● **Task to carry out**
Transcribe every entry word for word, leaving out all images.

● **Given entries**
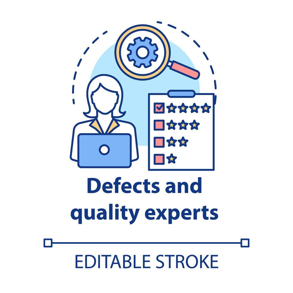 Defects and quality experts concept icon. Software development idea thin line illustration. Application programming. IT project management. Vector isolated outline drawing. Editable stroke Pro Vector
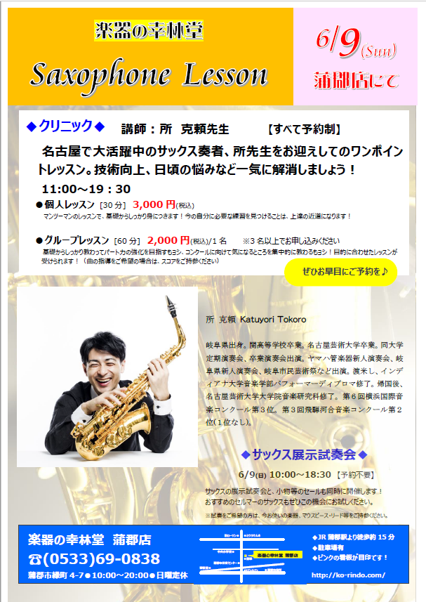 ☆サックスフェア&レッスン☆【6/9㈰】
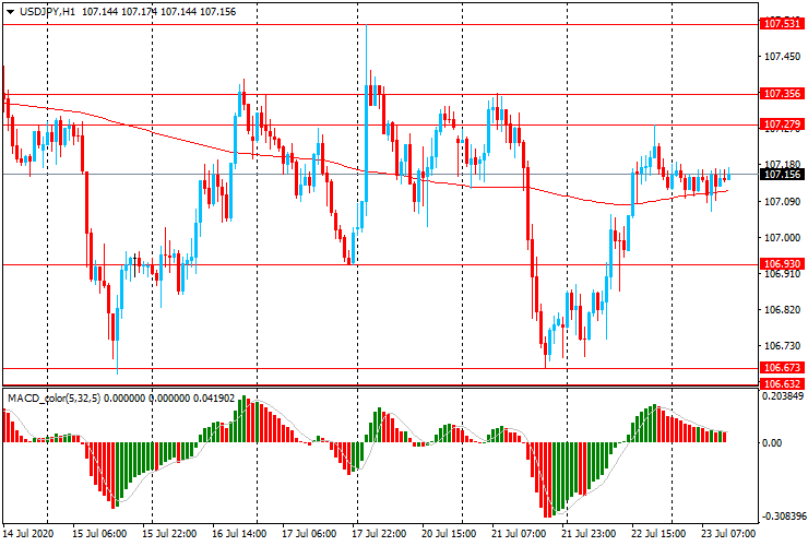 USD/JPY: пара торгуется в диапазоне Y107.05-20 и тестирует уровень скользящей средней MA (200) H1 (Y107.10), после роста вчера с недельного минимума Y106.70 до Y107.30.
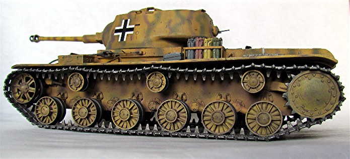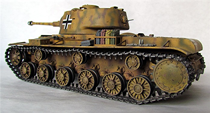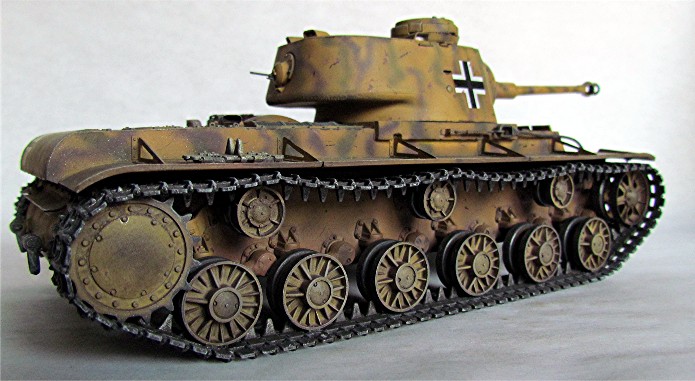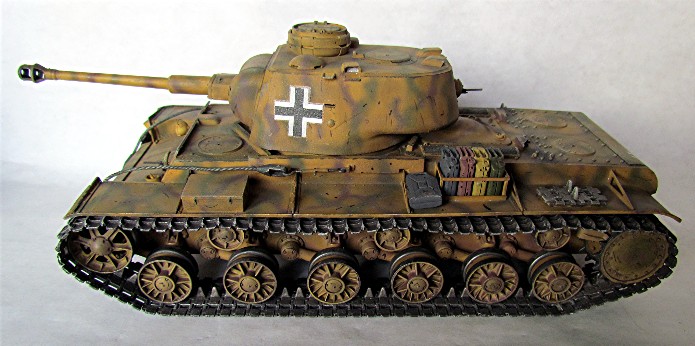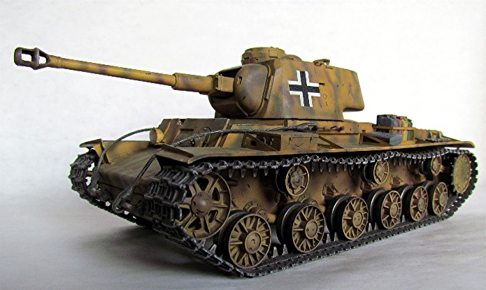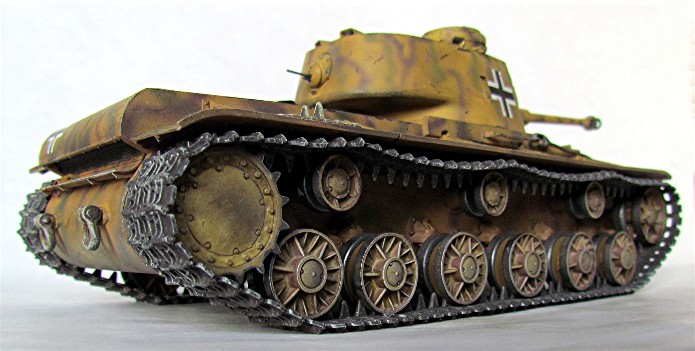 Les Allemands capturèrent un nombre important de chars soviétiques lors de manœuvres d’encerclement. Cers nombreux chars de tous types furent réutilisés au sein de la Panzer Waffe . De nombreux blindés furent réutilisés tel quel avec en ajout d’immenses croix balkaniques en signe d’identification afin d’éviter des tirs fratricides. D’autres subirent des transformations plus ou moins élaboré, allant de l’ajout de simples coffres de rangement à la modification de l’arment principal. Ce « beute KV-1 » fut mis à la sauce teutonique avec l’adaptation d’un canon de 75 mm KwK 40L/43 . Ce char appartient au 204e Pz. Rgt. de la 22e Panzerdivision.
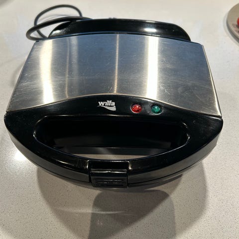 Selger dette toastjernet fra Princess da det ikke er i bruk. Litt riper i grillplaten, men fungerer helt fint. Nypris 500,-. Størrelse 22 x 12 cm.

● **Solved exercise**
 Defects and quality experts concept icon. Software development idea thin line illustration. Application programming. IT project management. Vector isolated outline drawing. Editable stroke Pro Vector
 ☆サックスフェア&レッスン☆【6/9㈰】
 USD/JPY: пара торгуется в диапазоне Y107.05-20 и тестирует уровень скользящей средней MA (200) H1 (Y107.10), после роста вчера с недельного минимума Y106.70 до Y107.30.
 Les Allemands capturèrent un nombre important de chars soviétiques lors de manœuvres d’encerclement. Cers nombreux chars de tous types furent réutilisés au sein de la Panzer Waffe . De nombreux blindés furent réutilisés tel quel avec en ajout d’immenses croix balkaniques en signe d’identification afin d’éviter des tirs fratricides. D’autres subirent des transformations plus ou moins élaboré, allant de l’ajout de simples coffres de rangement à la modification de l’arment principal. Ce « beute KV-1 » fut mis à la sauce teutonique avec l’adaptation d’un canon de 75 mm KwK 40L/43 . Ce char appartient au 204e Pz. Rgt. de la 22e Panzerdivision.
 Selger dette toastjernet fra Princess da det ikke er i bruk. Litt riper i grillplaten, men fungerer helt fint. Nypris 500,-. Størrelse 22 x 12 cm.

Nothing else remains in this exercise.